Written by Michael Larabel in Software on 11 March 2008 at 02:29 PM EDT. Page 1 of 3. 4 Comments.

Last month we had measured Ubuntu's boot performance via the open-source Bootchart utility and had done this on all Ubuntu releases between Ubuntu 6.06 LTS and the latest development build at the time for Ubuntu 8.04 LTS. From this testing we had found the boot time to decrease with each official release and the maximum disk throughput increasing. With Fedora 9 Sulphur due out next month, we have done this same boot performance testing on the Fedora side with Core 4, Core 5, Core 6, 7, 8, and 9 Rawhide.

Unlike Ubuntu that has Bootchart available in its main repository, Fedora did not offer an RPM version of Bootchart in its repository prior to last year. From the Bootchart website though is a source RPM. The Bootchart source RPM can be built with rpmbuild --rebuild bootchart-0.9-1.src.rpm once having installed the ant and jakarta-commons-cli (available from the JPackage.org repository) dependencies -- and of course the RPM build tools.
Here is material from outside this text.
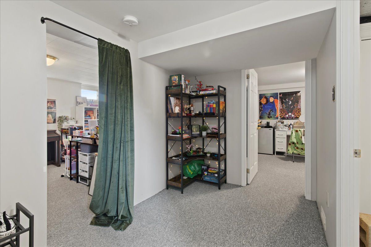 • Lower level boasts high ceilings, natural light, and additional guest space.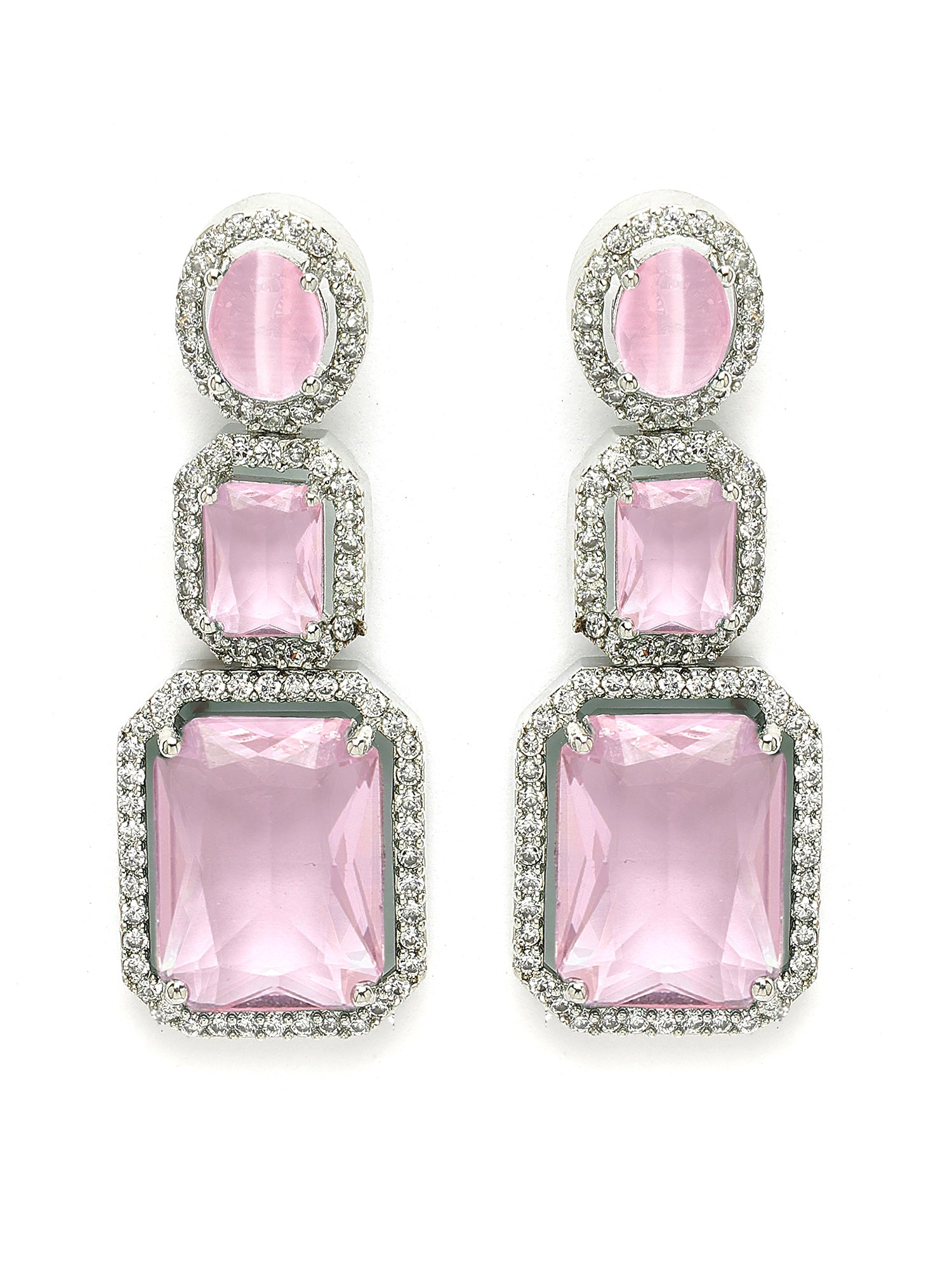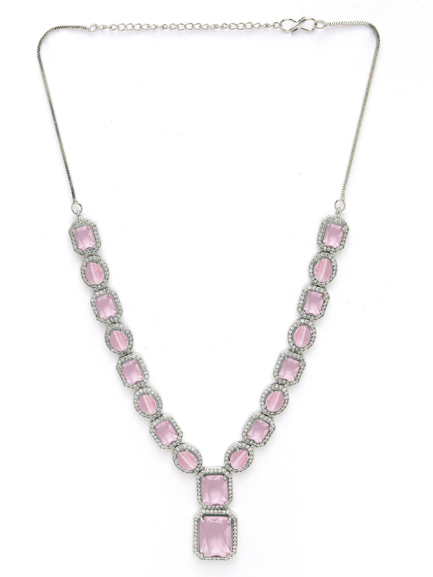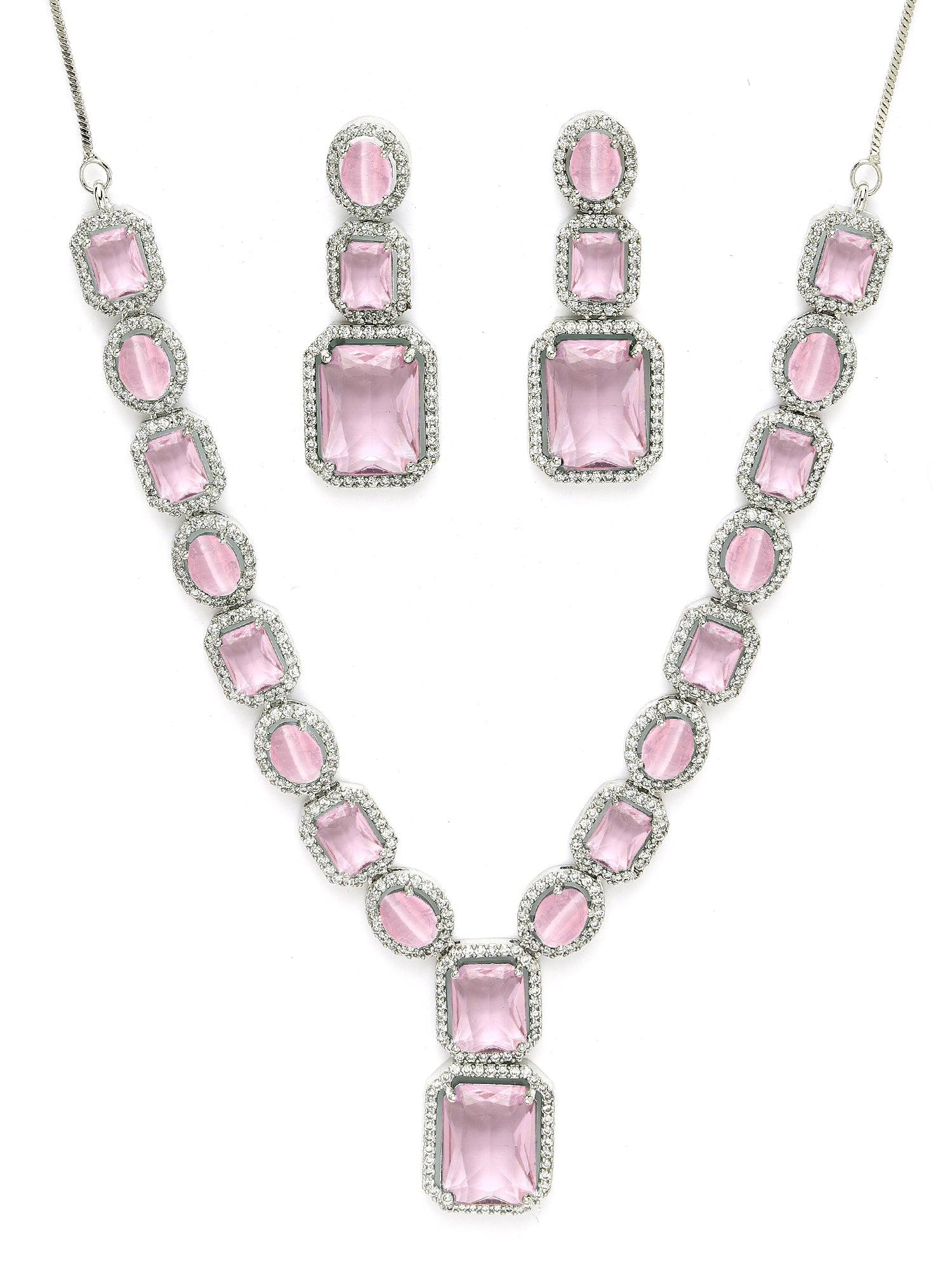 Karatcart Silver Tone Pink Cubic Zirconia Studded Necklace Set for Women. Our products are designed with high-quality material and these products are enhanced with plating that are skin-friendly & with love to reach your heart.

Once the resulting Bootchart RPM is installed, when rebooting the system you must select the "Bootchart Logging" option within GRUB. Once the system has booted, the Bootchart results are stored in /var/log/bootchart.tgz. By running bootchart bootchart.tgz in the same directory, the results will be parsed and an SVG image of the results will be rendered. We had described Bootchart in detail in the previous article, so check that out for more details.

We had recorded the boot results for Fedora Core 4, Fedora Core 5, Fedora Core 6, Fedora 7, Fedora 8, and Fedora 9 Rawhide from March 8. We had used the DVD installation discs for each Fedora release and had used the default package selection and settings, with the only real change being disabling Security Enhanced Linux (SELinux) and installing Boot Chart. We had used the same notebook for testing that was used in our Ubuntu Boot Performance article. The hardware consisted of an Intel Pentium M 750 processor, 2GB of DDR2-533 memory, ATI mobility Radeon X300 64MB, and an 80GB IDE 5400RPM hard drive. The notebook was a Lenovo ThinkPad R52.

Fedora Core 4 "Stentz" had shipped with the Linux 2.6.11 kernel and X.Org 6.8.2, Fedora Core 5 "Bordeaux" with Linux 2.6.15 and X.Org 7.0, Fedora Core 6 "Zod" with Linux 2.6.18 and X.Org 7.1, Fedora 7 "Moonshine" with Linux 2.6.21 and X.Org 7.2, Fedora 8 "Werewolf" with Linux 2.6.23 and X.Org 7.3, and Fedora 9 Rawhide at this time ships with a Linux 2.6.25 RC kernel and X Server 1.5 development version.